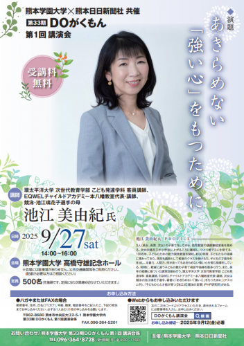 第33期「DOがくもん」第1回講演会を開催します。 日 時:2025年9月27日(土)14:00~16:00 会 場:14号館 高橋守雄記念ホール テーマ:あきらめない「強い心を」もつために 講 師:池江 美由紀 氏 申込み:申し込み受付は終了いたしました。 申込フォーム 詳細はこちら
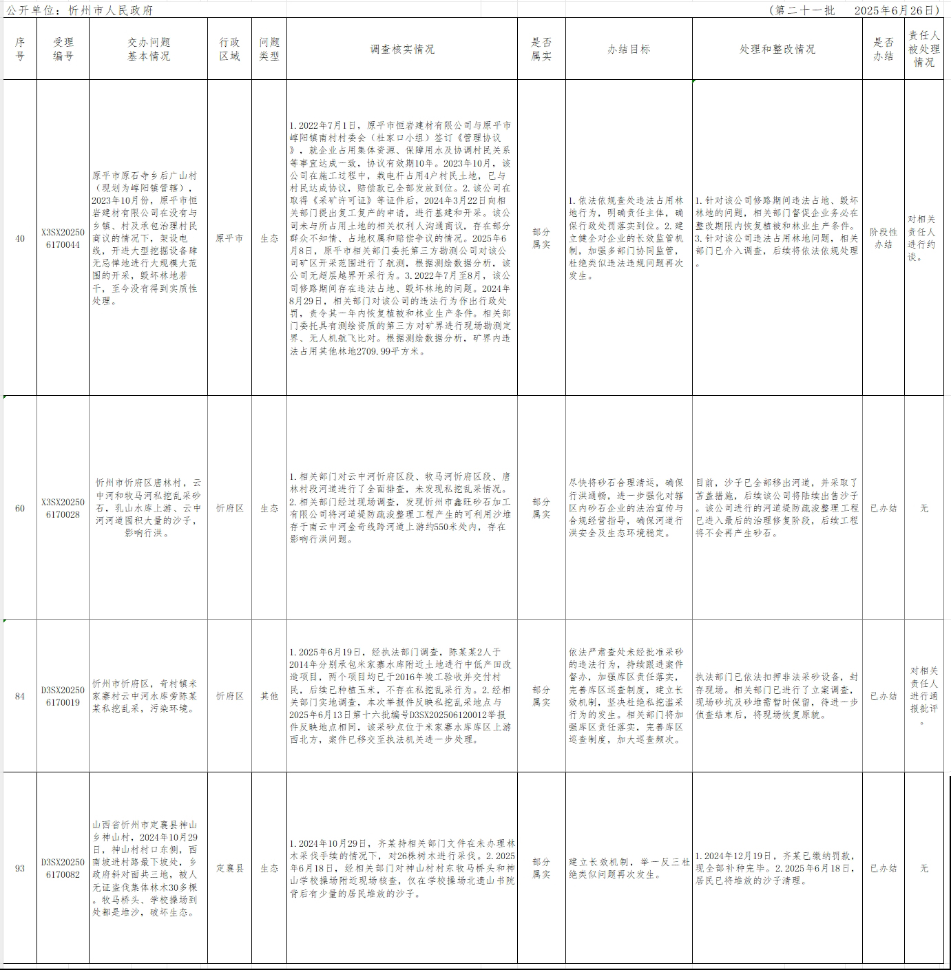 中央生態(tài)環(huán)境保護督察組群眾信訪舉報轉(zhuǎn)辦和邊督邊改公開情況一覽表(第二十一批)
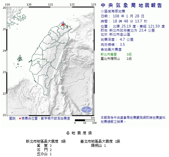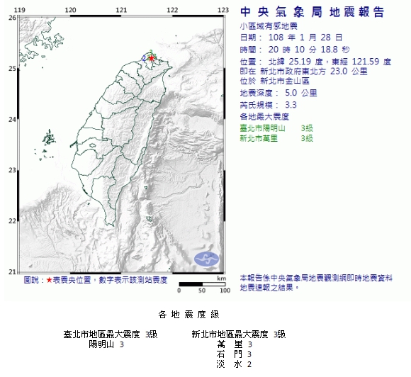 繼今(28)日晚間18時48分新北市金山區發生芮式規模3.5地震,最大震度新北市萬里3級,陽明山1級,晚間8時10分再發生有感地震,北台灣多個地區有感。根據中央氣象局地震報告指出,這起地震的震央位於新北市金山區,芮氏規模3.3,地震深度5公里。最大震度位在台北市陽明山、新北市萬里,分別都是3級。
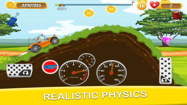 3.升级您的汽车并解锁新的美丽风景。使用助力器为您的汽车提供动力,以延长行驶里程并探索赛车登山游戏。
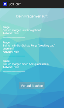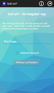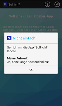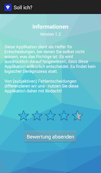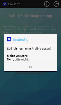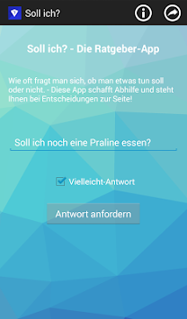 Wie oft stellt man sich Fragen, über die man den ganzen Tag grübeln könnte, wobei einfach nur eine simple Antwort benötigt wird. "Soll ich mein Date vom letzten Abend anrufen?", "Soll ich mir den neuen Fernseher kaufen?", "Soll ich trotz meiner Diät ein weiteres Stück Kuchen essen?" - solche Fragen können ganz schön viel Zeit kosten, insbesondere dann, wenn Pro oder Contra nicht überwiegt. Genau hier kommt die Applikation "Soll ich?" in's Spiel!
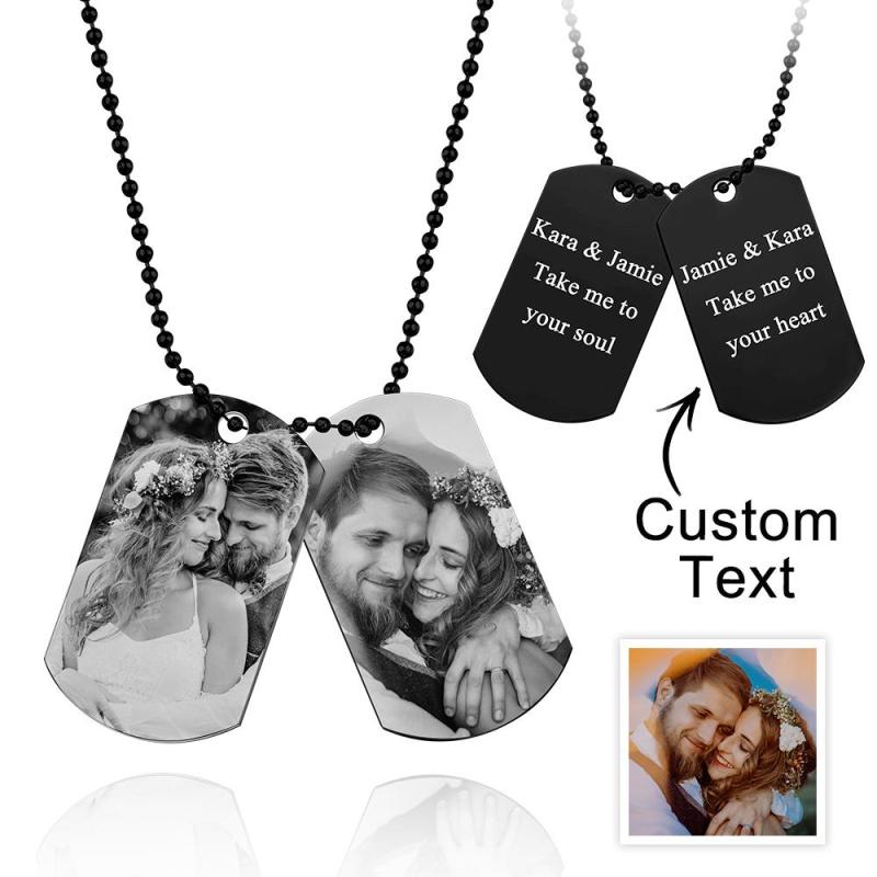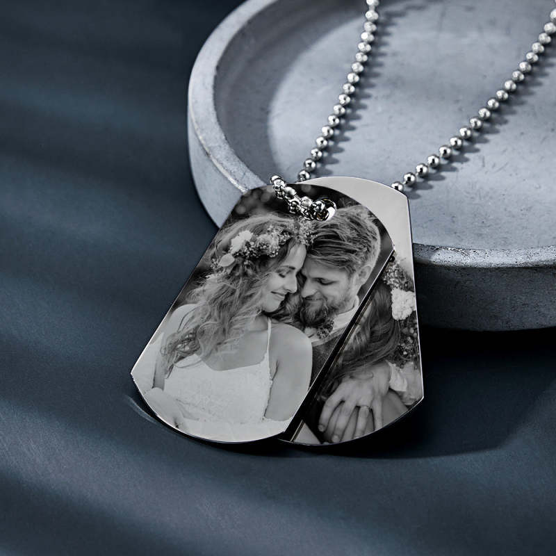 *Custom Double Dog Tag Necklace Same Price as Single Dog Tag Necklace. Our personalized photo necklaces are a sentimental and unique way to display cherished memories. Whether it's a photo of dad with the kids or a special moment between the two of you, our necklaces are the perfect way to keep that memory close to his heart.
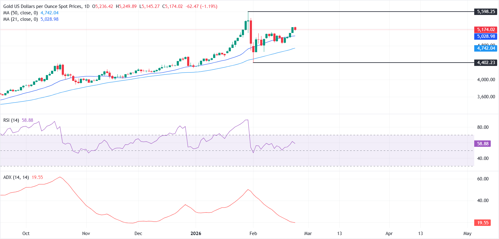 黄金(黄金/美元)周二小幅下跌,因美元(USD)走强抑制了对贵金属的需求,尽管地缘政治和经济风险仍然受到关注。撰写时,黄金/美元交投于5175美元附近,日内下跌约1.20%。
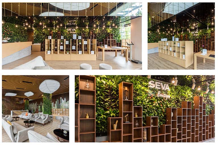 Seva Boutique là nơi tư vấn khách hàng về các loại mỹ phẩm, quy trình chăm sóc sức khỏe và sắc đẹp tại nhà. Từ 9h00- 22h30. Sức chứa khoảng 200 khách. Địa điểm: Tầng 1A, Forest in the Sky.
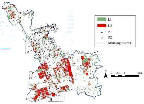 Figure 4 presents the spatial distribution of industrial land (L1 and L2) and living quarters (P1 and P2). L1 was mostly distributed separately and located on the junction area between industrial clusters and other land-use functions. P1 was mainly located near L1 (Zone A in Figure 4) but relatively away from L2 (Zone B in Figure 4).

§

[Work item]
All of the data must be set down exactly, with no pictures included.

[Exercise output]
 第33期「DOがくもん」第1回講演会を開催します。 日 時:2025年9月27日(土)14:00~16:00 会 場:14号館 高橋守雄記念ホール テーマ:あきらめない「強い心を」もつために 講 師:池江 美由紀 氏 申込み:申し込み受付は終了いたしました。 申込フォーム 詳細はこちら
 中央生態(tài)環(huán)境保護督察組群眾信訪舉報轉(zhuǎn)辦和邊督邊改公開情況一覽表(第二十一批)
 繼今(28)日晚間18時48分新北市金山區發生芮式規模3.5地震,最大震度新北市萬里3級,陽明山1級,晚間8時10分再發生有感地震,北台灣多個地區有感。根據中央氣象局地震報告指出,這起地震的震央位於新北市金山區,芮氏規模3.3,地震深度5公里。最大震度位在台北市陽明山、新北市萬里,分別都是3級。
 3.升级您的汽车并解锁新的美丽风景。使用助力器为您的汽车提供动力,以延长行驶里程并探索赛车登山游戏。
 Wie oft stellt man sich Fragen, über die man den ganzen Tag grübeln könnte, wobei einfach nur eine simple Antwort benötigt wird. "Soll ich mein Date vom letzten Abend anrufen?", "Soll ich mir den neuen Fernseher kaufen?", "Soll ich trotz meiner Diät ein weiteres Stück Kuchen essen?" - solche Fragen können ganz schön viel Zeit kosten, insbesondere dann, wenn Pro oder Contra nicht überwiegt. Genau hier kommt die Applikation "Soll ich?" in's Spiel!
 *Custom Double Dog Tag Necklace Same Price as Single Dog Tag Necklace. Our personalized photo necklaces are a sentimental and unique way to display cherished memories. Whether it's a photo of dad with the kids or a special moment between the two of you, our necklaces are the perfect way to keep that memory close to his heart.
 黄金(黄金/美元)周二小幅下跌,因美元(USD)走强抑制了对贵金属的需求,尽管地缘政治和经济风险仍然受到关注。撰写时,黄金/美元交投于5175美元附近,日内下跌约1.20%。
 Seva Boutique là nơi tư vấn khách hàng về các loại mỹ phẩm, quy trình chăm sóc sức khỏe và sắc đẹp tại nhà. Từ 9h00- 22h30. Sức chứa khoảng 200 khách. Địa điểm: Tầng 1A, Forest in the Sky.
 Figure 4 presents the spatial distribution of industrial land (L1 and L2) and living quarters (P1 and P2). L1 was mostly distributed separately and located on the junction area between industrial clusters and other land-use functions. P1 was mainly located near L1 (Zone A in Figure 4) but relatively away from L2 (Zone B in Figure 4).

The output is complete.